# The power of water



## snowfreak (May 17, 2006)

I was literally amazed watching this video.  4oz of water for a 100 mile trek not too bad.  The video is clean but the web site hosting it is risque (nude females) if someone has the same video with a different link let me know.  If its too much let me know and I'll remove it all together.

(Edit: Link altered by Mo. Click this link, then click the 'Water Fuel - HHO Gas' link that appears, for the movie.)

http://digg.com/technology/Water_Fuel_-_HHO_Gas


----------



## Shane (May 17, 2006)

That is awesome.  How energy efficient is it?


----------



## begreen (May 17, 2006)

Sorry to be skeptical, but this seems a little silly. If the vehicle got an estimated 3200 mpg of water, why also have it run on gas? The answer is because it needs a whopping generator to do the electrolysis on  the water.

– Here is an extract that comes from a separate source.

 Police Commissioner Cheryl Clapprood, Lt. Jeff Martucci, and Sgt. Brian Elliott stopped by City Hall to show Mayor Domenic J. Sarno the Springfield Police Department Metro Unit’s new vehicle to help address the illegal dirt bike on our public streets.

The generator's consumption does not seem to be mentioned, but that would have to be figured in to determine the efficiency.


----------



## Shane (May 17, 2006)

That's what I was asking.  How much energy does it take to produce the hydrogen compared to energy produced.  Another question once the first tank or whatever of hydrogen is produced can it be self sustaining.  Meaning is there enough energy in the hydrogen to run the car and power the generator for electrolysis?  At 3200mpg this could be feasible right?  Unless it's all a bunch of bs.


----------



## Mo Heat (May 18, 2006)

This is not BS. Klein is just another late-to-the-party guy using variations of gases like AquaFuel, Magnegas, MagneHydrogen, HH0, what have you gas produced from a plasma arc in the presence of different carbon and water solutions, including oil, coal, bio-waste, sewage, recycle tires, and what-have-you.

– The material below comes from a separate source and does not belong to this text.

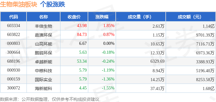 证券之星消息,12月9日生物柴油板块较上一交易日下跌0.6%,海新能科领跌。当日上证指数报收于3909.52,下跌0.37%。深证成指报收于13277.36,下跌0.39%。生物柴油板块个股涨跌见下表:
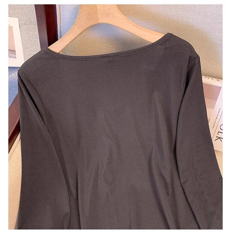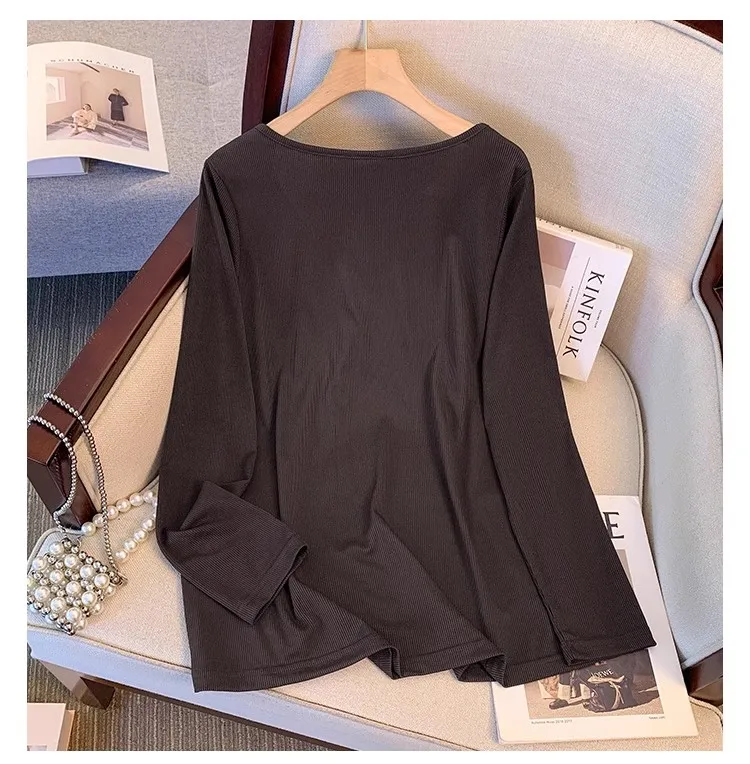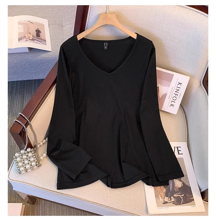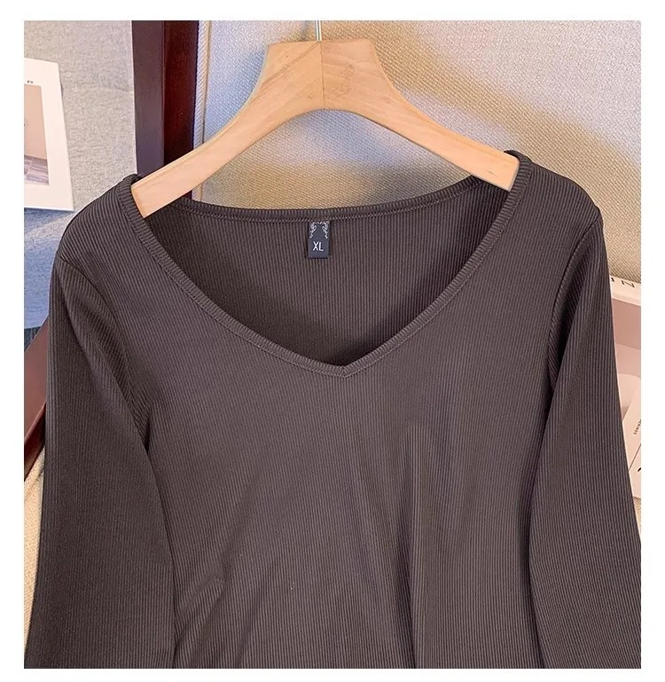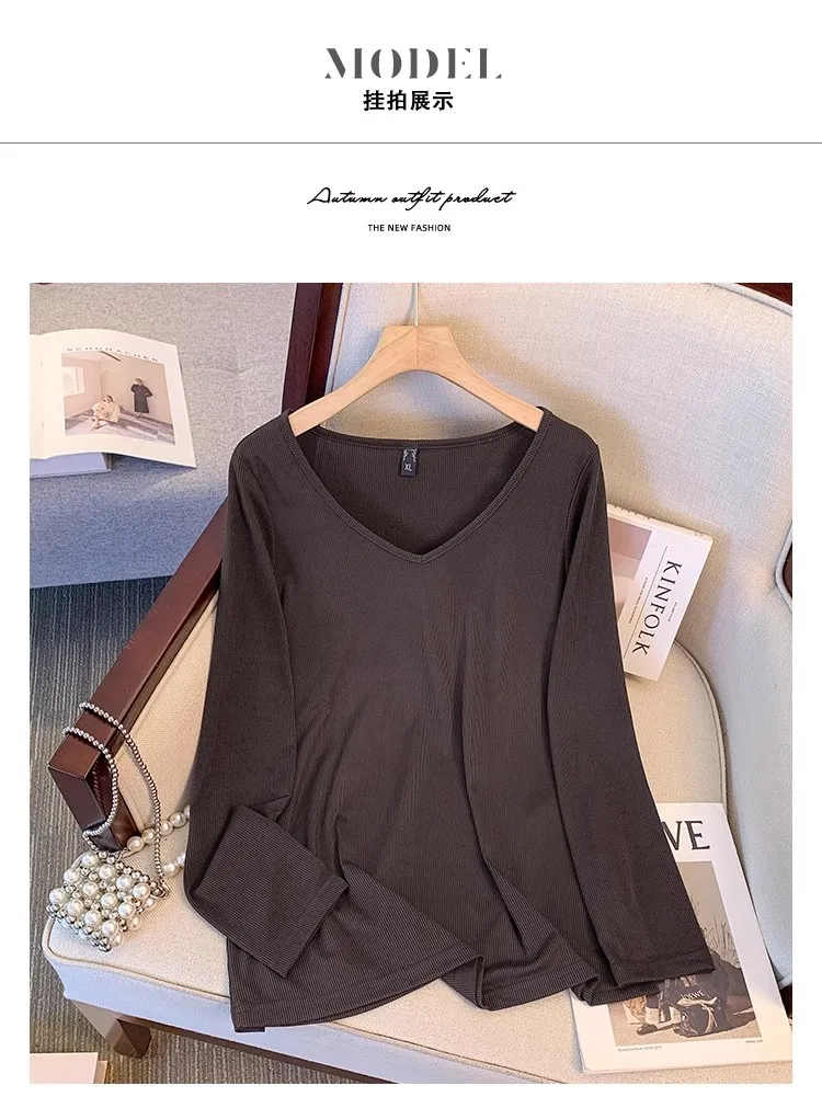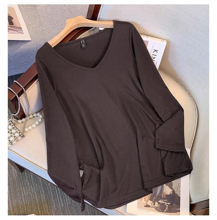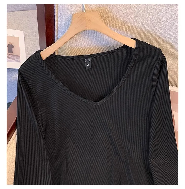 Plus size, versatile base shirt Korean version new slimming V-neck long sleeved T-shirt top 3350

The chemistry is dubbed Hadronics (by Rugero Santilli, PhD) and it is still being formulated and investigated. In theory, a magnetic chemical bond is responsible for combining H and O and/or C etc. into a stable molecule that has some cool (neat) properties. I hope to hear more about this stuff in the coming years. It still seems like snake oil, but I've done a lot of reading and it seems legit. At least the legit things I've read. I'm not saying Danny Klein is legit, but I wouldn't be surprised if he was. He is following Santini, who followed Bill Richardson, who sort of rediscovered an circa 1860 patent regarding gas production in water in the presence of carbon using a high voltage arc (plasma arc). Here are some (not so hot  links as the original super hot video link...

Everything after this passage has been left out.